Among the 160 agents in Tumor table, the median agent halved the tumor incidence (median potency, 2). No carcinoma was detected (100% inhibition of cancer) in rats fed ursodeoxycholic, PEG (two independent studies) or MMTS, and in rats given exercise. In addition, celecoxib, acetoxychavicol, selenium, p53 vaccination, piroxicam with DFMO, cellulose, aspirin, S-allylcysteine, obacunone, sulindac sulfone and hesperidin (two studies) reduced the incidence of adenocarcinoma more than 78%. Each agent was attributed to one of nine classes, as in ACF table. The mean potency of agents in each class were calculated, compared by ANOVA analysis, and shown on fig. 1 (not schown on the website: see the publication) as percent inhibition of the tumor incidence (solid bars). The mean potency of NSAIDs, PEGs, and amine modulators were not different, but PEG class was significantly more potent than the six other classes (ANOVA p=0.0004).
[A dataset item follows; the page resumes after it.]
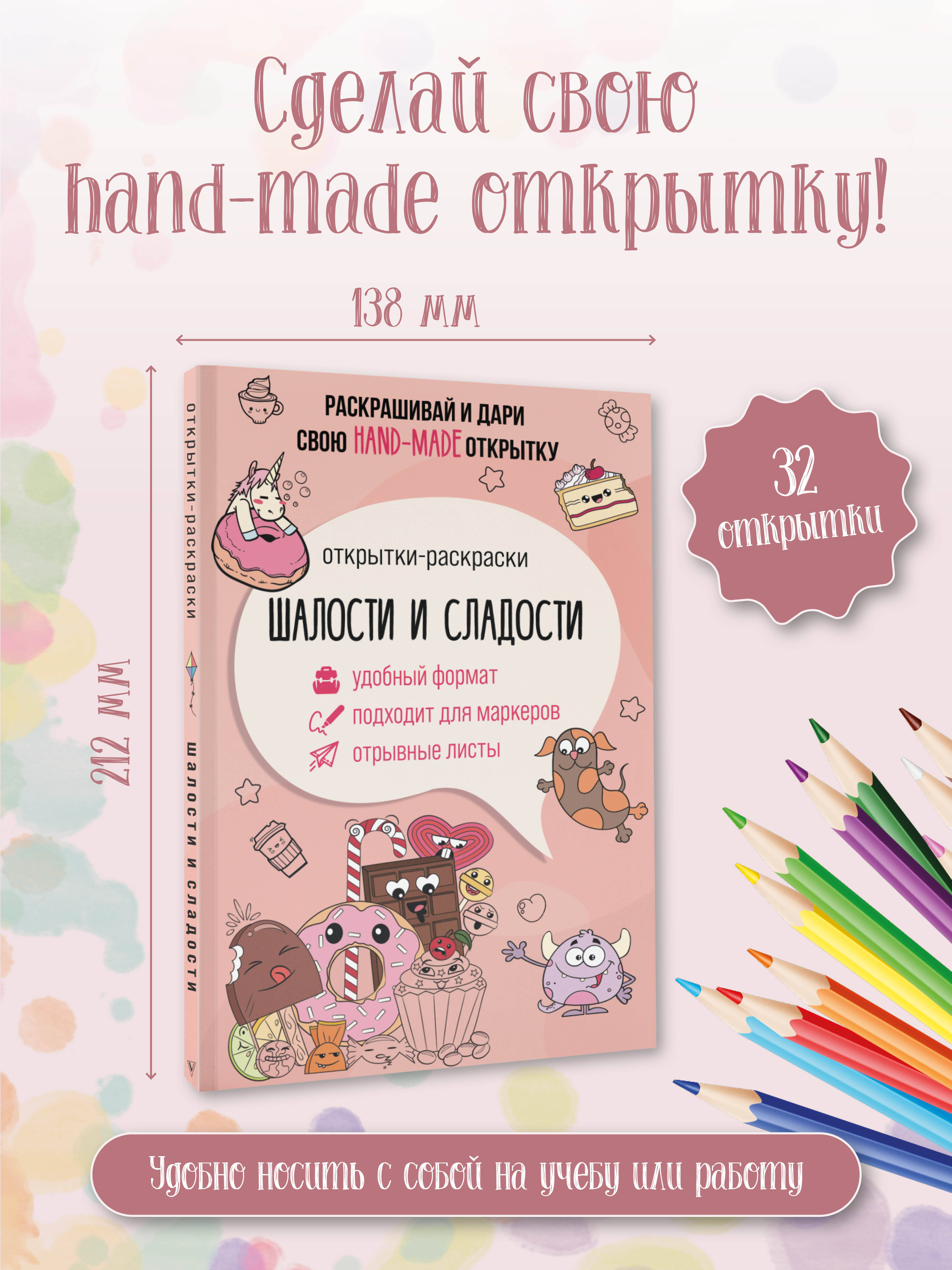 Все любят сладости! А как их не любить? Ведь кексик - лучший подарок. Раскраска «Шалости и сладости» - это набор ярких, вкусных открыток. Берите в руки карандаши или фломастеры и раскрашивайте иллюстрации на удобных отрывных листах. А затем просто вручите hand-made открытку близкому человеку. Подарите другу кексик!| Издательство | ИЗДАТЕЛЬСТВО "АСТ" |

When PEG was omitted, the ANOVA remained significant (p=0.02), but NSAIDs and amine modulators were not significantly more potent than any of the other classes (all pairwise p were larger than 0.05).
In an attempt to combine results from both tables, we merged the six tabulated endpoints in a non-parametric way. Tables were ranked sequentially according to potency of each agent to reduce
(i) the number of ACF,
(ii) the number of large ACF,
(iii) the number of crypts per ACF,
(iv) the tumor incidence,
(v) the adenocarcinoma incidence, and
(vi) the tumor multiplicity.
Obviously, these endpoints are partly redundant, but they do not fully overlap. We gathered the top-twenty agents against each endpoint in a list of 120 items (not shown).
Most potent agents cited most often in this list were then
- PEG 8000 (cited 20 times),
- DFMO alone or with piroxicam or aspirin (cited 8 times),
- a protease inhibitor (cited 5 times),
- celecoxib (cited 4 times),
- hesperidin (cited 4 times),
- sulindac sulfone or sulfide, (cited 4 times)and
- Bifidobacterium (cited 4 times).
Other agents appeared 3 times or less in the table: they may be potent agents too, but have been reported in few articles yet. Making the list with top-12 agents instead of top-20 did not change much the most-cited agent list.